DATA.
■ ■ ■ ■

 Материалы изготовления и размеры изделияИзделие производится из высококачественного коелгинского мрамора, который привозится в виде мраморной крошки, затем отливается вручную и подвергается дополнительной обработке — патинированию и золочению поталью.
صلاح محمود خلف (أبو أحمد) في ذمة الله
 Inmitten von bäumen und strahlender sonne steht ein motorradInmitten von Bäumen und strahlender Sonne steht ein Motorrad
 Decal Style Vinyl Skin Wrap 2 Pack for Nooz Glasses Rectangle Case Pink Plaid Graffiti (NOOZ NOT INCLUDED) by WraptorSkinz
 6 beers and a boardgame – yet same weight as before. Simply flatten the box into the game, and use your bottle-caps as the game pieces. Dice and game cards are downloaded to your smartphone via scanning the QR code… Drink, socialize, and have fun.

■ ■ ■ ■

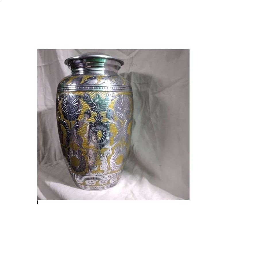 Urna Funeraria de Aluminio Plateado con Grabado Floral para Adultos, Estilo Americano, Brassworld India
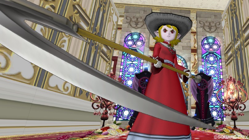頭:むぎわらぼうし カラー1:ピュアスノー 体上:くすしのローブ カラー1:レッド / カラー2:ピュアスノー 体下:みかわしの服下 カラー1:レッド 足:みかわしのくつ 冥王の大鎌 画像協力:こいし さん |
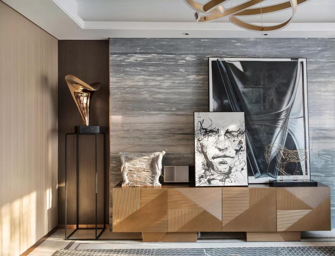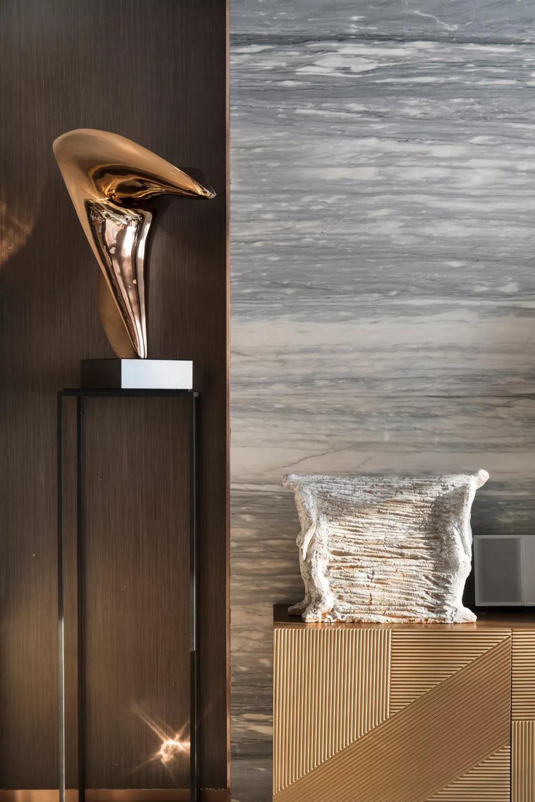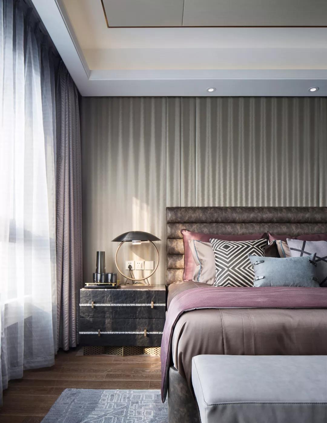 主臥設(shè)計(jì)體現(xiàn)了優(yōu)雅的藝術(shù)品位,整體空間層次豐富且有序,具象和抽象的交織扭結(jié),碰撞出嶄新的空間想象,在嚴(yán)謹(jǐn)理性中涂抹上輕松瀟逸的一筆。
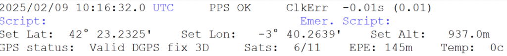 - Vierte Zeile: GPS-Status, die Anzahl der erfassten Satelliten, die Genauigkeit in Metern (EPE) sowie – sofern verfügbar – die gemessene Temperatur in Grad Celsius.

■ ■ ■ ■

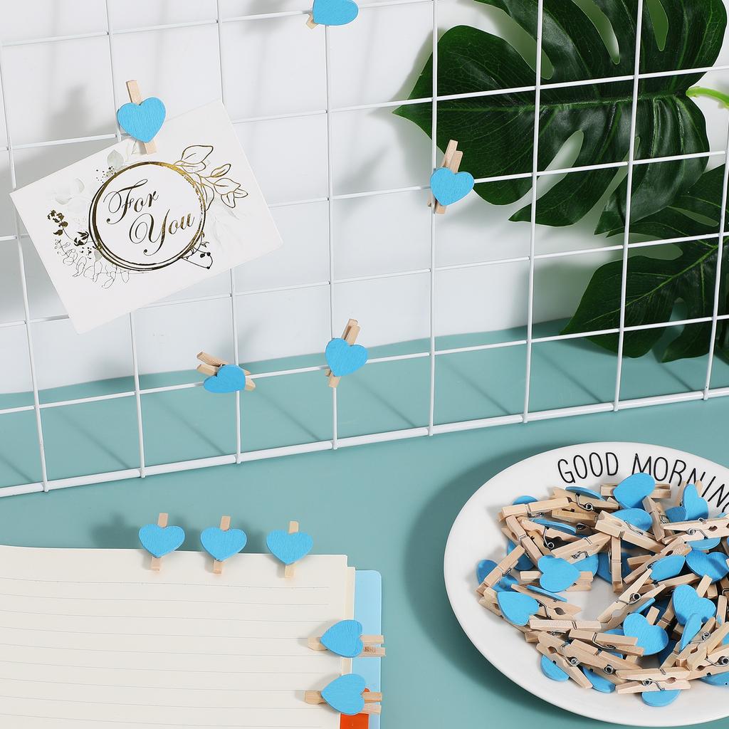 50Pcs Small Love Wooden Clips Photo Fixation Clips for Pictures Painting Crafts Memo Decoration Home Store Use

■ ■ ■ ■

EXERCISE INSTRUCTIONS.
When you reach the line in the material above that holds "صلاح محمود خلف (أبو أحمد) في ذمة الله", begin reproducing lines exactly, and stop after the line that holds "6 beers and".

YOUR SOLUTION.
صلاح محمود خلف (أبو أحمد) في ذمة الله
 Inmitten von bäumen und strahlender sonne steht ein motorradInmitten von Bäumen und strahlender Sonne steht ein Motorrad
 Decal Style Vinyl Skin Wrap 2 Pack for Nooz Glasses Rectangle Case Pink Plaid Graffiti (NOOZ NOT INCLUDED) by WraptorSkinz
 6 beers and a boardgame – yet same weight as before. Simply flatten the box into the game, and use your bottle-caps as the game pieces. Dice and game cards are downloaded to your smartphone via scanning the QR code… Drink, socialize, and have fun.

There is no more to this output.